I own three upscale homes in gated communities. Rent out two of them. Have lots of stock stuff. But with the way the world is moving I could see myself owning nothing just like that. Something has to be done for I didn't buy enough gold and the world can go into a nose dive any minute and at the end of that splat the only people who will come out ok would be the true rich, for they usually do. Don't believe it, look it up. The rich got richer during the great depresssion. I would be ok just living as is for my true wealth for me is my family but I want my kids to have something for I do not want them to be the bottom class in a two class system and that can happen if not already happening.
Andy, when enough people like you start thinking the way you are thinking then change will come. What will be interesting is what kind of change it will be. If we get nothing else out of this it might at least re-focus us on our families and our communities and on how no man is an island.
Wow, you should be a politician. You consider only slight growth in consumer spending a massive decrease. In addition, in your first post, you said it didn't matter what Congress does, so why even mention the stimulus.

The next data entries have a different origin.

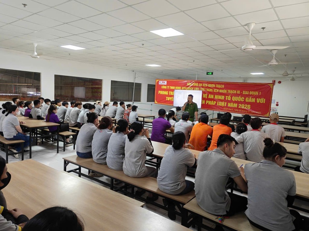 Ngày 22/01, Đồn Công an Khu công nghiệp (KCN) Nhơn Trạch, tỉnh Đồng Nai đã tổ chức buổi tuyên truyền, phổ biến pháp luật về phòng, chống tội phạm hình sự, tội phạm sử dụng công nghệ cao và Luật Giao thông đường bộ cho cán bộ, công nhân, người lao động tại Công ty TNHH Home Appliance CMC Việt Nam, KCN Nhơn Trạch 3.
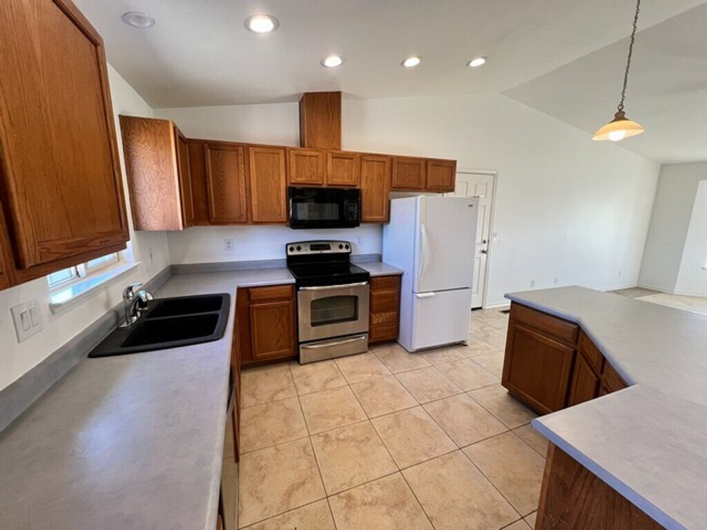 This three bedroom has fresh exterior paint. Tile floor in the great room and kitchen. Kitchen with island seating and including fridge, dishwasher, microwave and flat top electric stove. Great room with vaulted ceilings, ceiling fan and slider access to spacious backyard. Primary bedroom with attached bath. Laundry closet with hook-ups. Minutes from Spanish Springs High, Shaw Middle School, Eagle Canyon Park and Pyramid Way. Close to shopping, library, restaurants and entertainment. Tenants responsible for NV Energy only. 2 pets max under 30lbs on approval with additional deposit and $50 per pet per month pet rent. No co-signers considered. All properties require an application process. Each person over the age of 18 must complete an application. The application fee is $35 per person. Applications include running credit (650 or better), employment/income verification, and rental references. NV. BS.0143495, NV. PM.0164783
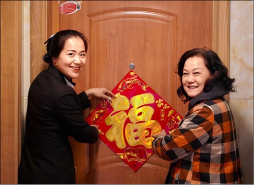 在春節(jié)來臨之前,易美家物業(yè)的工作人家便挨家挨戶為業(yè)主送福字,與業(yè)主共同將福字張貼好,將年味送到業(yè)主家中。每一張福字都承載了易美家物業(yè)對業(yè)主滿滿的祝福和貼心的服務(wù),對于遠(yuǎn)在天南海北的業(yè)主們,管家專程郵寄香海度假報(bào)和那香雜志,寄出新年祝福。
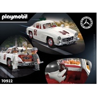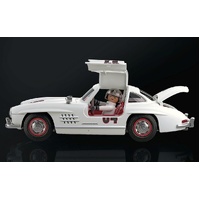 With its gullwing doors, gasoline direct injection, and lattice tubular frame, the 300 SL is highly-recognizable. The 300 SL's recipe for success is its perfect blend of rough-and-tumble racing character mixed with a dash of luxury and extravagance. And now, the dream sports car of the 20th century appears as a PLAYMOBIL version with legendary, hinged gullwing doors, chrome-colored bumpers and radiator grille, and 50s accessories.
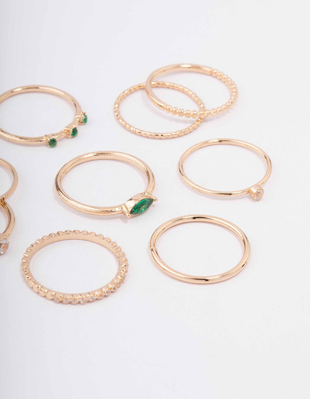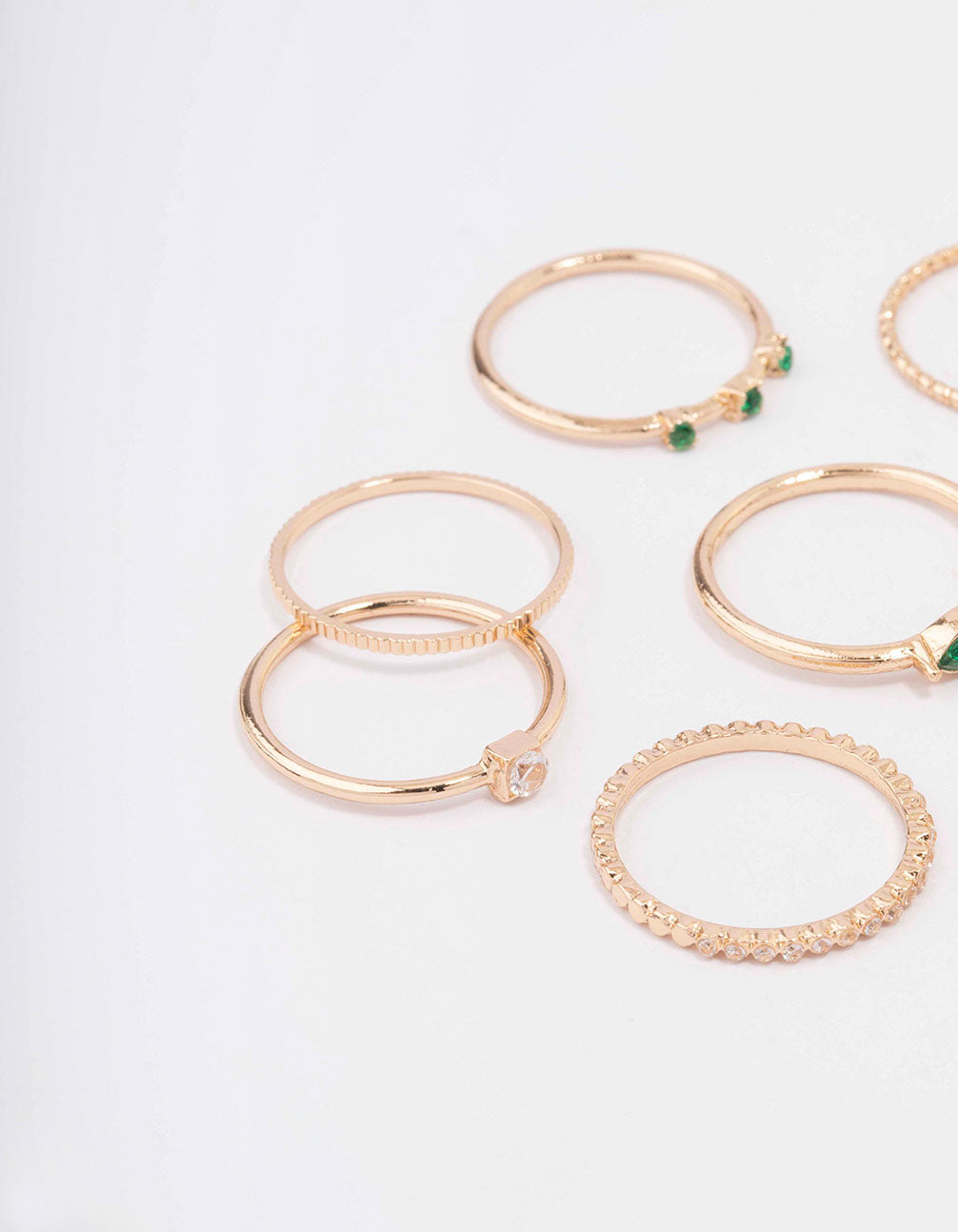 Embellish your stack with this set of cubic zirconia encrusted rings. This pack of gold stacking rings contains a mix of rings in varying shapes and silhouettes.

Bottom line is the system is broken. The corporate has failed big time. Just taking care of the rich (hoping they'll be so kind as to invest in that which they strip) doesn't work. People are finally waking up to the failed system and everybody's grabbing what they can (what little there is left) and checking out of the corporate system. The rich are fine and will continue to be fine. They're rich. The corporate crapitalist way of raping and pilfering is coming to a head. I predict at least a 700 point drop in the market this week. Probably more on the order of 1000 is more likely. Another 1000 or so the week after. The corporatist, wealthy blood suckers tried their way and lost. Rather than face that fact, they'd like to blame it all on Obama, and continue "business as usual". Sorry boys...it's over. Your system. Enjoy the crash and pretend it's all the liberals fault. Regardless...it's over. I only hope you blood suckers can suffer the calamity along with the lot of society you've extracted it from. If not you...hopefully your family will. You deserve it. I hope the Wall street profiteers get all they deserve in the next couple of weeks. Our fate is sealed. It would be nice to see theirs go bye bye as well.
The trend for 2011 is a massive decrease over historical norms and the number for the last month in the last quarter is a massive decrease period. A trend of 2.2% in the first quarter and 1.2% in the second quarter with -2.4% in the last month of the last quarter compared against a historical 80 year average of 3.25% in what amounts to 70% of our economy is going to affect business production and expansion plans. That is the reality of 2011. And as far as Congress and Stimulus, any deficit stimulus and deficit tax cuts that Congress does matter very little except in the short term because they are not sustainable. They mostly just mask reality and prolong the inevitable. And if you plan on them in making your decisions for the future, whether a business or an individual, you would be unwise. A smart person wouldn't buy a house based upon them and a smart business wouldn't build a factory based upon them.